I could really use some critique here please. 

Please list what you see as positive AND what you see could use improvement. 

I tried to paint looser, which is a lot harder for me than I thought! :biggrin:

This is soft pastel.


----------



## TerryCurley

It's a really nice painting, comfortable to look at and just relax. The cabin and tree in the forefront are wonderful. My brain finds the foliage at the right of the painting a bit confusing, but then I guess that's part of painting loosely. I have not accomplished any loose painting so I'm not the one to give advice in that department.


----------



## dickhutchings

I love the looseness of this one. The only thing I might change is the base of the tree, it's a little too squared off and needs a few roots along the surface of the lawn. Love the foliage on the tree. I would try to not include that dark area on the right. Though it's in the photo, it doesn't look right in the painting.


----------



## Susan Mulno

Thank you Terry! The trees on the right are a bit confusing. I see it too.
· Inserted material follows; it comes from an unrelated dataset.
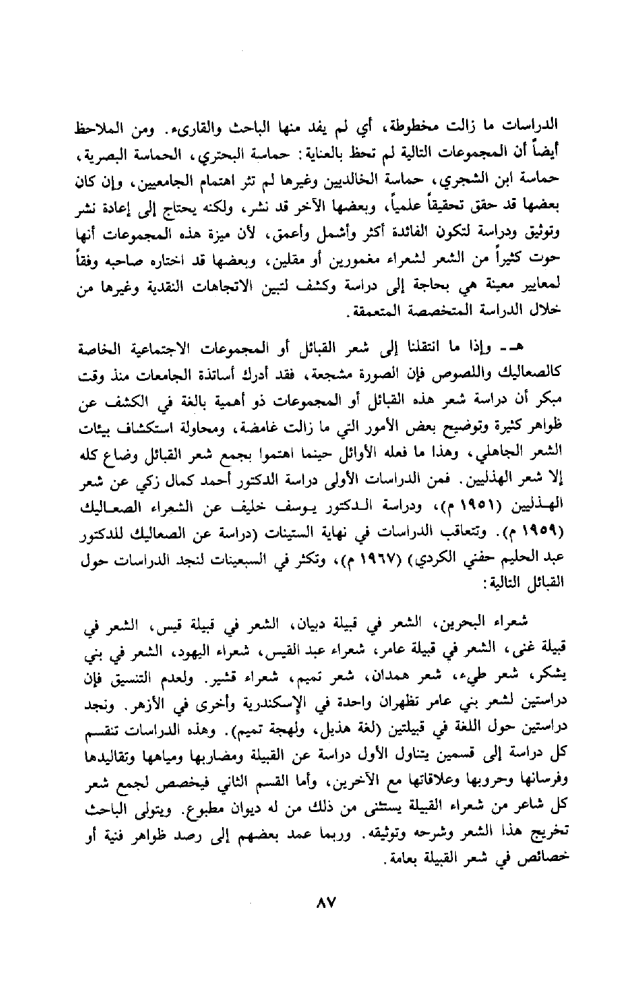 هـ- وإذا ما انتقلنا إلى شعر القبائل أو المجموعات الاجتماعية الخاصة كالصعاليك اللصوص, فإن الصورة مشجّعة، فقد أدرك أساتذة الجامعات منذ وقت مبكِّر أن دراسة شعر هذه القبائل أو المجموعات ذو أهمية بالغة في الكشف عن ظواهر كثيرة, وتوضيح بعض الأمور التي ما زالت غامضة، ومحاولة استكشاف بيئات الشعر الجاهلي، وهذا ما فعله الأوائل حينما اهتمّوا بجمع شعر القبائل وضاع كله إلّا شعر الهذليين. فمن الدراسات الأولى دراسة الدكتور أحمد كمال زكي عن شعر الهذليين "1951م"، دراسة الدكتور يوسف خليف عن الشعراء الصعاليك "1959م"، وتتعاقب الدراسات في نهاية الستينات "دراسة عن الصعاليك للدكتور عبد الحليم حفني الكردي 1967م"، وتكثر في السبعينات لنجد الدراسات حول القبائل التالية:

Thanks Dick, I see what you mean about roots. That tree on the right is too dark.


----------



## SylviaCSosnovskaFineArt

The crown of the main tree is a bit too flat, maybe add some branches and highliths from the behind to give it some air ( like you see on the reference picture ) <3


----------



## Desdichado

Hi Susan. Always remember when painting foliage to leave a few gaps to see light/sky through. From the shadows, the sun is obviously behind the tree so the tree and cottage will appear much darker due to this and everywhere else full of light. Let a bit of sunshine actually shine through the branches and leaves, even show a few branches. Your painting is coming along just fine and just needs defined value, ie light and shade. Keep up the good work.

ps, watch which direction the light is coming from and paint the shadows accordingly. Hope this helps.


----------



## John Snyder

That's a great landscape! I love it! 


Sent from my iPhone using Tapatalk


----------



## Susan Mulno

Thanks to all three of you! It is great advice and I will re-visit these hints on my next try! :biggrin:


----------